The most interesting and useful animal to the Indian is the llama. He will travel for miles without food or drink, over precipitous mountains and rocky paths, carry his 100-lb. load, and not an ounce more; for if you should happen to impose upon him he simply lies down on the path and refuses to budge an inch. They are splendid “passive resisters,” these llamas, and will have no nonsense from anyone, though, of course, their Indian owners know better than to overburden their llamas with superfluous luggage.

The llama, known as “the Bolivian Railway,” can travel fifteen miles a day. When he dies his flesh is eaten, but the Indian loves his animal too well to kill him for food.

“In many places the Indians are ill-treated, deceived, and robbed by the white Spanish-speaking people. They are looked upon as mere brutes, fit for nothing but work, instead of human beings with immortal souls. They sometimes live together in villages, sometimes in isolated, quiet nooks, or it may be in clusters of huts where there are two or three families.”

Each Indian has a few patches of ground for himself, and in exchange for this cultivates a few acres of crops for his owner. He also has a certain number of animals to care for, but this is mostly the work of his wife and family. Little children of from four to five years of age are supposed to be capable of driving a flock, and when a few years older they are away on the hills all day alone with their flocks.

One scarcely sees an Indian, either man or woman, altogether idle.
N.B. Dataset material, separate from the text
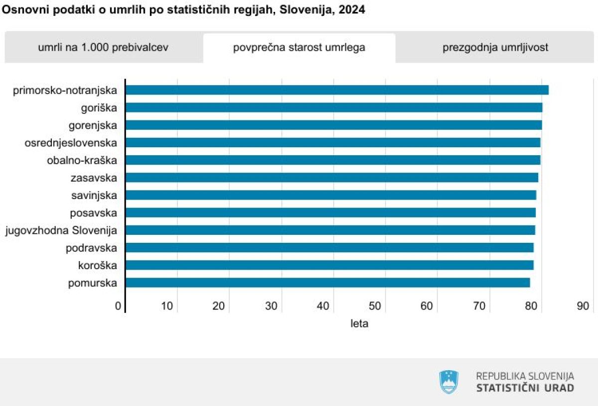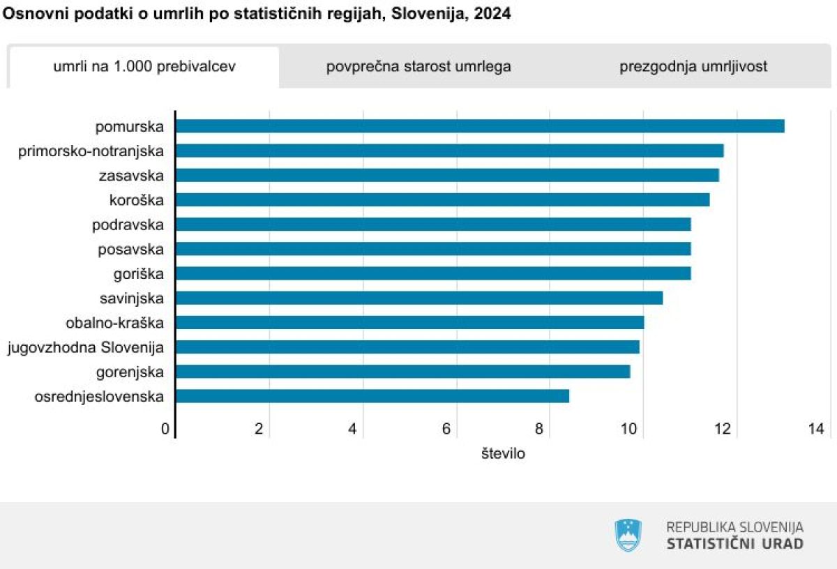 Največ umrlih na 1000 prebivalcev je bilo lani v pomurski (13,0), najmanj pa v osrednjeslovenski statistični regiji (8,4). Povprečje na ravni Slovenije je znašalo 10,1.

If they have no other occupation, they spin away at wool for the clothing of their families.

Though this is an open and very healthy climate there is much sickness among the people, chiefly because they do not know how to take care of themselves. It is very amusing to see what remedies they use for inward and outward complaints. Dirt, feathers, and anything horrible is the common ointment for sores or wounds. At a little ordinary warm water they laugh. Through the ignorance of their mothers, children, when sick, have a hard time. Some care very much, and would do anything to save their children; but others, rather than have the trouble of watching them, prefer that they should die, as a good many do.

“It is the condition of the little children that calls forth most sympathy and pity, and makes us long for the day when the True Light shall shine into the hearts of the people. The majority, unloved and uncared for, surrounded by dirt and disease, know nothing of the joys of childhood, nor of the blessing of home life.

“Mothers are continually seen carrying their babies, full of disease, about the streets, and, what is worse, sitting in the market-places selling meat and bread with their sick babies in their laps. Passing along one day, a child was seen without a shred of clothing, yet with its little body literally covered with smallpox.”

Mr Will Payne, a pioneer missionary of Bolivia, says it is quite a common thing to buy and sell children in this country. He tells of three little girls who were purchased for £2 each, “and are held by their owner until they reach the age of twenty-one, during which time they are compelled to work in the house, receiving their food and clothing in exchange.

“If they fall into the hands of a kind master or mistress they have an easy, happy time, and in a few cases are taught to read and write. Should they, however, find a cruel owner, there is nothing to prevent their suffering very much like the slaves of other days.